Mr Tan highlighted the following in his speech:
- Additional timelines for the Q&A before general meetings: SGX is going to prescribe additional timelines for the Q&A before general meetings. The new timeline is that companies must post the answers to the questions they receive 72 hours before the deadline for shareholders to submit their proxy votes, if the notice period is 21 days. If the notice period is only 14 days, the timeline is 48 hours. Companies can set a deadline for questions to come in. This deadline should be reasonable and in any event no earlier than seven calendar days after the notice of general meeting. Examples of how the timelines apply are provided in the speech.

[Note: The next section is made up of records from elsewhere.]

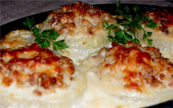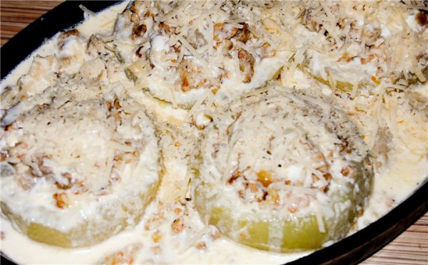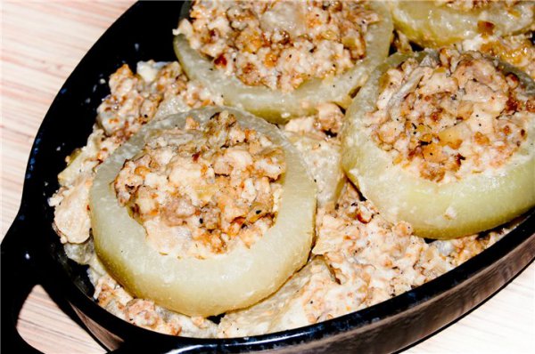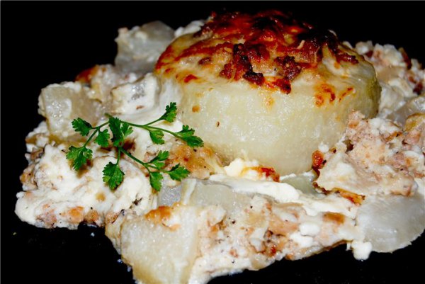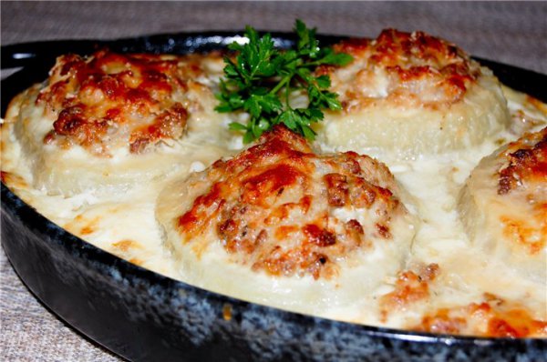 Поверхность посуды, в которой будем запекать, смазать маслом, уложить кольраби и заполнить пространство между ними оставшимся фаршем.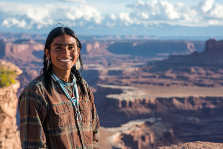 smiling happy young man standing on cliff with landscape behind him. Native American heritage day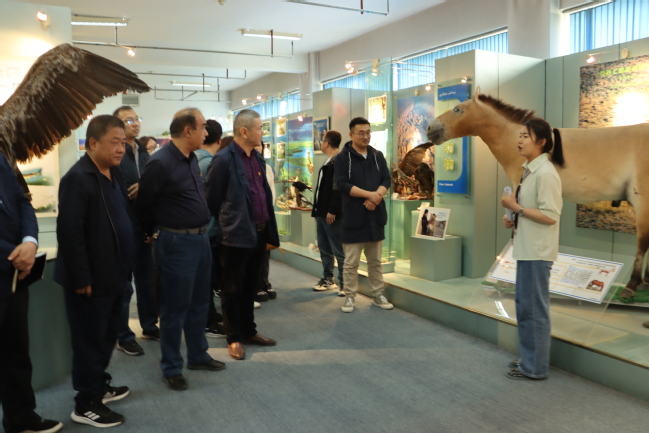 新疆农业大学动物标本馆是集教学实习、科学研究、科普教育、标本制作与储藏功能为一体的大型生态标本馆,是研究新疆动物资源,认识生物多样性和生态保护教育的重要基地。进入标本馆,讲解员对新疆特有荒漠动物区的普氏野马、赤狐,森林动物区的野猪、长耳鸮,山地动物区的雪豹,绿洲鸟类标本区的苍鹰进行了详细讲解。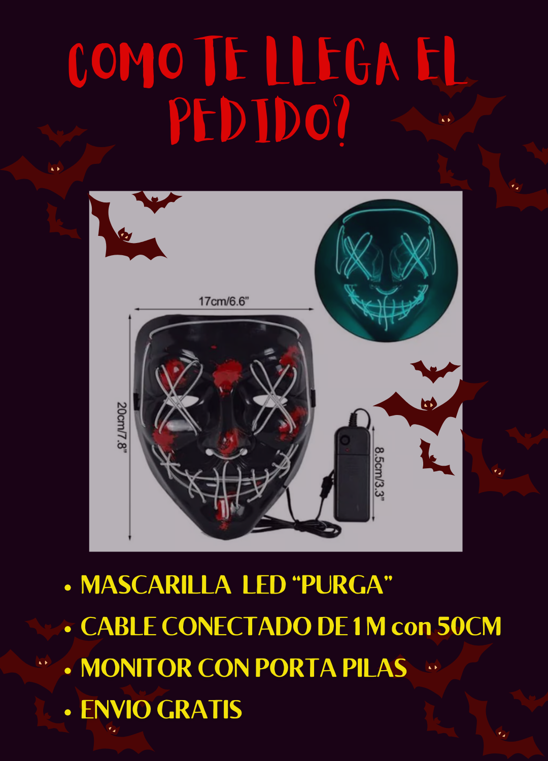 Olvídate de las máscaras simples y da un paso adelante con nuestra Máscara LED La Purga. Con brillo ajustable y diseño auténtico, esta máscara es fácil de usar y garantiza que tendrás el mejor look por horas. Ya sea para fiestas de disfraces, festivales o cualquier evento nocturno, ¡serás el protagonista!

- VIS for certain corporate actions: For certain corporate actions, SGX is going to require companies to hold a virtual information session (“VIS”) before the deadline for shareholders to vote and therefore, before the extraordinary general meetings themselves. The list of corporate actions which require a VIS includes rights issues, privatisations, schemes of arrangement, interested person transactions (IPTs), major transactions, and reverse takeovers (RTOs).
- Two-tier rule: In 2022, the rule that independent directors who have served nine years or more are no longer considered independent comes into effect. Using the two-tier vote at the annual general meeting in support of retaining an independent director beyond nine years should be exceptional. Companies are expected to use the two-tier rule sparingly, and only in exceptional cases should companies call for a two-tier vote.
- Expect climate reporting and diversity disclosures: SGX feels strongly that better board diversity and the start of climate reporting are very important.